1. Preparation of 16s-PCR: 50 ng DNA in 11.5 µL nuclease-free water, 0.5 µL Primer 27F-II, 0.5 µL Primer1492R-II, 12.5 µL LongAMP^® Taq 2x Master Mix (New England Biolabs, Ipswich, MA, United States of America). Cycle program: 1 min 95°C; 25 cycles 20 s 95°C, 30 s 51°C, 2 min 65°C and a 5 min final elongation at 65°C.

2. Preparation of barcoding-PCR: 100 fmol 16S-PCR amplicons in 12.0 µL nuclease-free water, 0.5 µL barcode primer, 12.5 µL LongAMP^® Taq 2x Master Mix. Cycle program: 1 min 95°C; 15 cycles 20 s 95°C, 30 s 62°C, 2 min 65°C and a 5 min final elongation at 65°C.

After barcoding PCR, the DNA content of each amplicon was determined using a Quantus Fluorometer and adjusted to an equal volume. The amplicons were pooled, and 1 µg was used for library preparation. The library preparation was performed according to the protocol “Ligation sequencing amplicons–PCR barcoding (SQK-LSK110 with EXP-PBC096)” by ONT.

The bold characters in the primer sequences above indicate the degenerate bases, according to the code of the International Union of Biochemistry (IUB). This results in three different sequences for the 27F-I primer approach and 18 for the 27F-II primer approach (16 for the forward primer, 2 for the reverse primer). All sequence variants of the two primer approaches are listed in Supplementary Table S1.

The bar-coded libraries (27F-I and 27F-II libraries) were loaded and subsequently each sequenced on a separate flow cell (FLO-MIN106D, type R.9.4.1, ONT) using the MinION Mk1C device (ONT). MinKNOW version 22.03.4 (ONT) and Guppy 6.0.7 were used for data acquisition.
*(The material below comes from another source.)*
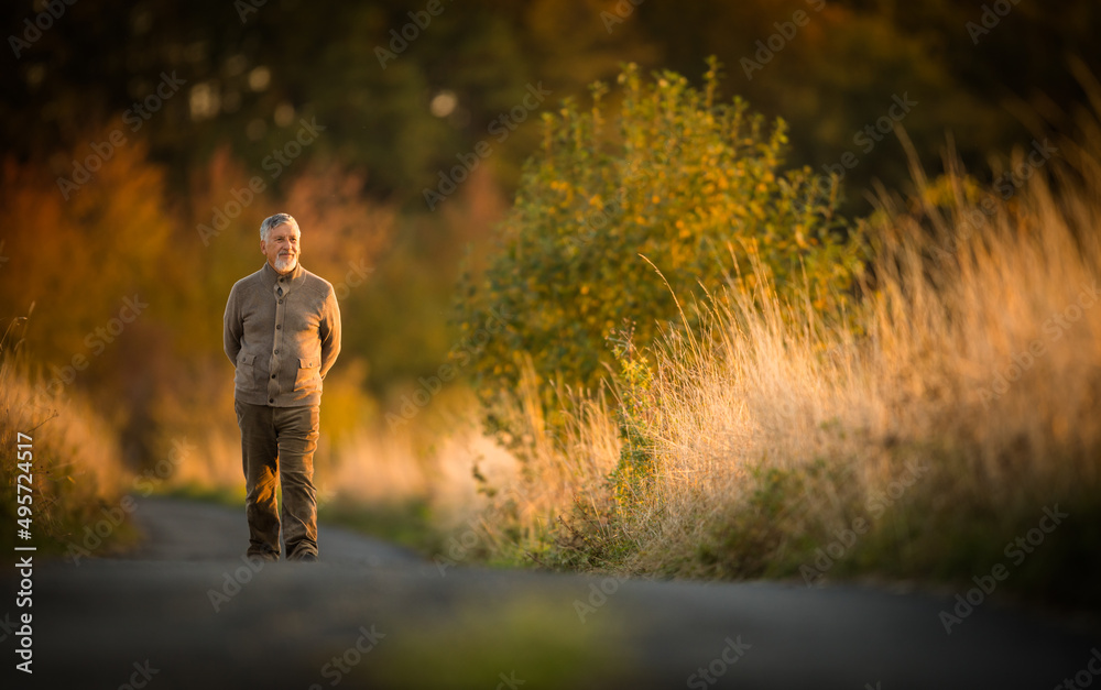 Portrait of handsome senior man in the autumn outdoors. Active senioor enjoying his retirement in the nature

Both libraries were prepared from DNA obtained by the same extraction procedure.

A total of 1,328,830 reads were generated for the library using the 27F-I primer approach (mean 18,203 reads, SEM 1,201 reads) and 1,578,822 reads were generated for the library using the 27F-II primer approach (mean 21,628 reads, SEM 1,991 reads, p = 0.14).
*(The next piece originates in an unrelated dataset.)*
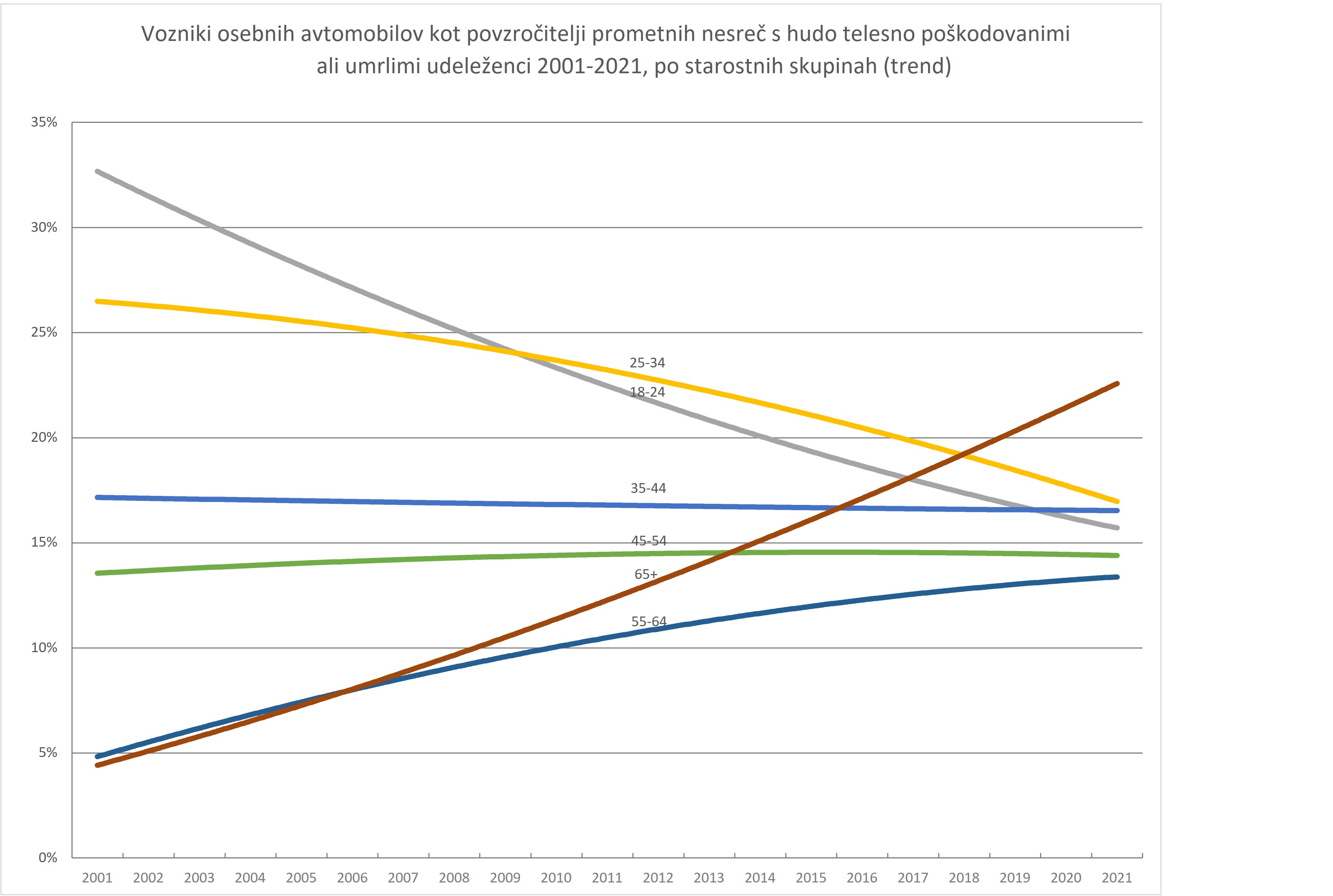 Analiza starosti voznikov avtomobilov kot povzročiteljev prometnih nesreč s hudo telesno poškodbo ali umrlimi udeleženci za dvajsetletno obdobje kaže, da število povzročiteljev najhujših prometnih nesreč med najmlajšimi vozniki avtomobilov vseskozi upada. Prepričani smo, da je tako pomembno zmanjšanje števila povzročiteljev najhujših prometnih nesreč med mladimi vozniki, starimi med 18 in 24 let ter med 25 in 34 let, rezultat dodatnega usposabljanja za voznike začetnike in najrazličnejših drugih preventivnih aktivnosti. Grafični prikaz podatkov nazorno prikazuje, da pri drugih starostnih skupinah – kljub bolj varnim avtomobilom in izboljšani cestni infrastrukturi, a brez sistematičnega dela z vozniki, napredka ni oziroma pri starostni skupini 65+ število povzročiteljev celo strmo narašča.

Bioinformatics processing and analysis

Raw data processing was carried out with the Nanopore branch of Natrix (Welzel et al., 2020). Natrix is a modular sequencing read processing pipeline written in the workflow management engine Snakemake (Köster and Rahmann, 2012). The pipeline contains rules for the demultiplexing of raw sequencing data, quality control, removal of additional subsequences such as primer or barcodes, read assembly, dereplication, chimera detection and removal, abundance filtering, identification of representative sequences (either operational taxonomic units (OTU) or amplicon sequence variants), taxonomic assignment and additional assignment of meta information (for example, their functional roles or common habitats). A typical workflow used for this study is provided in the Supplementary Figure S1). Natrix processes a set of three file groups: A configuration file with user-configurable parameters (the choice of parameters used in this study are available in Supplementary Presentation S1), a primer table, containing information of additional subsequences for each sample, and the raw sequence files in FASTQ format. Natrix supports the filtering out of sequences lower than a user-defined quality score. For the initial quality filtering in this study, we used PRINSEQ (Schmieder and Edwards, 2011) with a mean quality threshold of 15, which corresponds to a maximum mean probability of a wrongly called base of around three percent. Every sequence read, that had a lower mean quality value below 15, was removed from further processing. We chose a more stringent quality threshold then the commonly used thresholds of 7–10 (Delahaye and Nicolas, 2021; Lee et al., 2021) for Nanopore data to reduce the probability of erroneous reads distorting the downstream analysis.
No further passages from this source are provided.